_What is expected_.
Once you reach the line with "An API Server." in the material below, copy each line exactly up to and including the line with "Cordoba, H. A., Sadohara, R., Gali, K.", and skip the pictures.

_Data provided_.
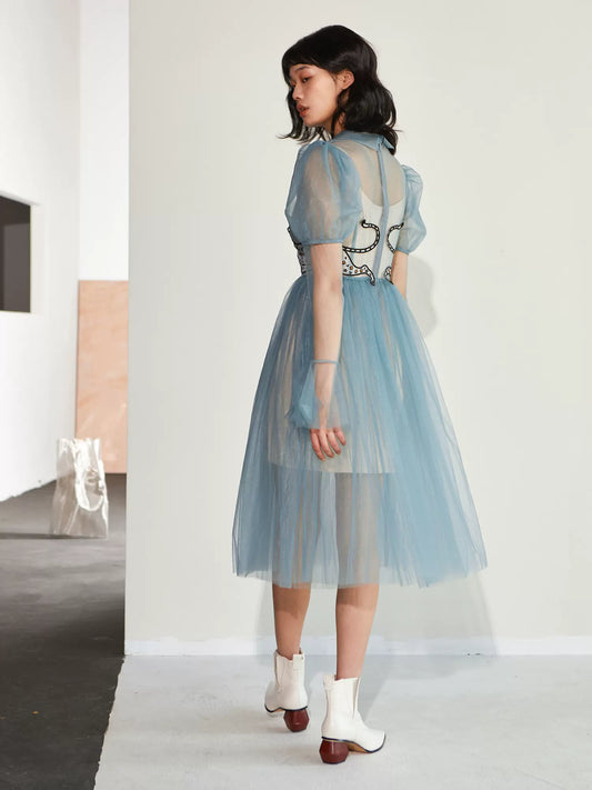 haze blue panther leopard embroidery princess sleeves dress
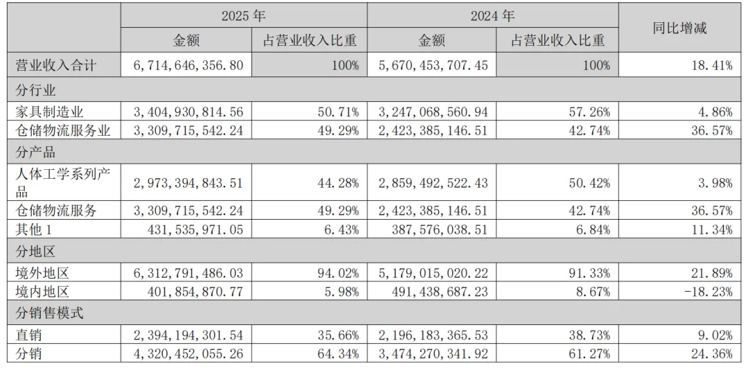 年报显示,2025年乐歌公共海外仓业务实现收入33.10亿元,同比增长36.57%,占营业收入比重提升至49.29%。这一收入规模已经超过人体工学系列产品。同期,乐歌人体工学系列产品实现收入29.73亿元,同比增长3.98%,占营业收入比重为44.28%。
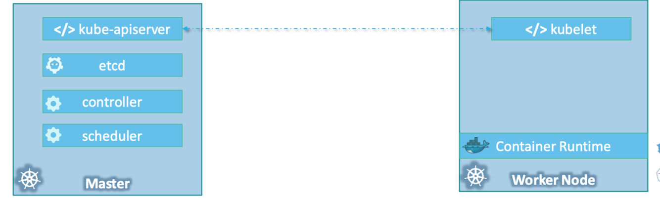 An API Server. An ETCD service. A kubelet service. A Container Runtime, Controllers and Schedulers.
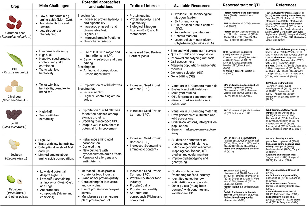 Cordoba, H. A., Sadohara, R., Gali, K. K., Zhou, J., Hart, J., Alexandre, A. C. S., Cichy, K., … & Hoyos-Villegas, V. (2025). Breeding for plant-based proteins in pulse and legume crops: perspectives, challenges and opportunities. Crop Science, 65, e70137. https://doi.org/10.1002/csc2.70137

==

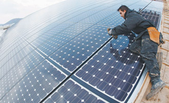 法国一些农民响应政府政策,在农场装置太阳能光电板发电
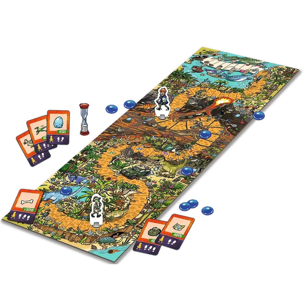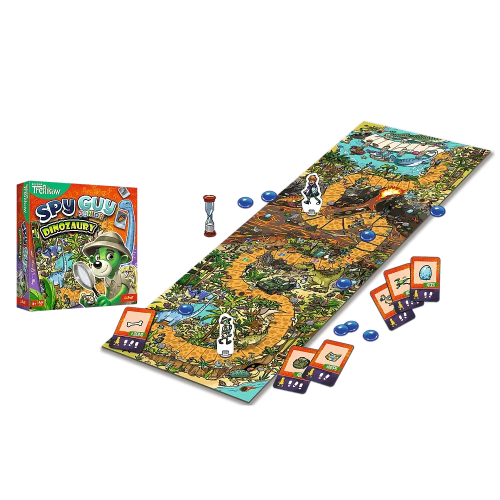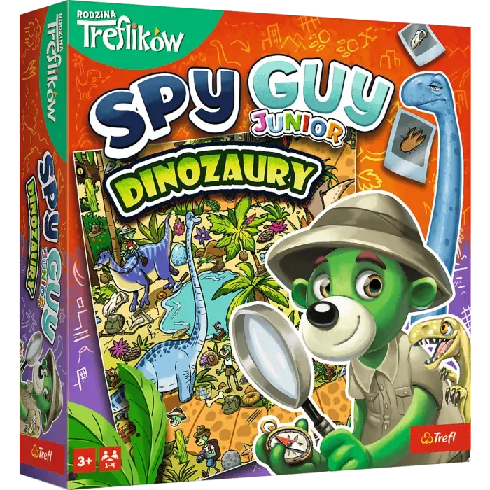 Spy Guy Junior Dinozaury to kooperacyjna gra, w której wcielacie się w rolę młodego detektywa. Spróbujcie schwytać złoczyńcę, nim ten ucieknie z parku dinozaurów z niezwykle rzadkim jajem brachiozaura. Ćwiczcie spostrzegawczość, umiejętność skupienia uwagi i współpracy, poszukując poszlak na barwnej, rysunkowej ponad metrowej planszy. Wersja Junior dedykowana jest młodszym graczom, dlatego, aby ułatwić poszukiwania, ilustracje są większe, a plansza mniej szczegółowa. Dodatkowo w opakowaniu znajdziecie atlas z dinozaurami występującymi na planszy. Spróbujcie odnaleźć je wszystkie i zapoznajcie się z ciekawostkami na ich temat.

_Reply to the task_.
 An API Server. An ETCD service. A kubelet service. A Container Runtime, Controllers and Schedulers.
 Cordoba, H. A., Sadohara, R., Gali, K. K., Zhou, J., Hart, J., Alexandre, A. C. S., Cichy, K., … & Hoyos-Villegas, V. (2025). Breeding for plant-based proteins in pulse and legume crops: perspectives, challenges and opportunities. Crop Science, 65, e70137. https://doi.org/10.1002/csc2.70137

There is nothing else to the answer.